This is an interesting idea. Has anyone done this before? I'm waiting for a puppy and am worried about puppy kindergarten classes too.


----------



## lily cd re (Jul 23, 2012)

MonicaLin said:


> This is an interesting idea. Has anyone done this before? I'm waiting for a puppy and am worried about puppy kindergarten classes too.



What aspect of puppy class worries you? Immunization protection or how the class is run? If you are worried about how the class is run I would suggest observing a session or two with a trainer or at a location you would consider going with your puppy to get a feel for the way it works. If it is about immunizations then you have to trust your gut, although there is evidence that it is safe to take puppies to class before they are fully immunized.

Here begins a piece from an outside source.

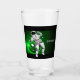 Shot glass features black and white astronaut with planets on green galaxy background. Personalize with name or other text

A good puppy class should focus mostly on socialization opportunities with lots of play time off leash. This shouldn't be a free for all, but well supervised by the instructor who will take bullies out of the mix when they do things they shouldn't to give the more reserved puppies a chance to enjoy each other. The bullies should also learn that they got their "time out" for being too rough by watching everybody else play while they have to sit out. Puppy classes should also expose puppies to lots of different kinds of people and objects like people in hats, with crutches, men with beards, walking on different kinds of surfaces, walking on unstable surfaces, etc.


----------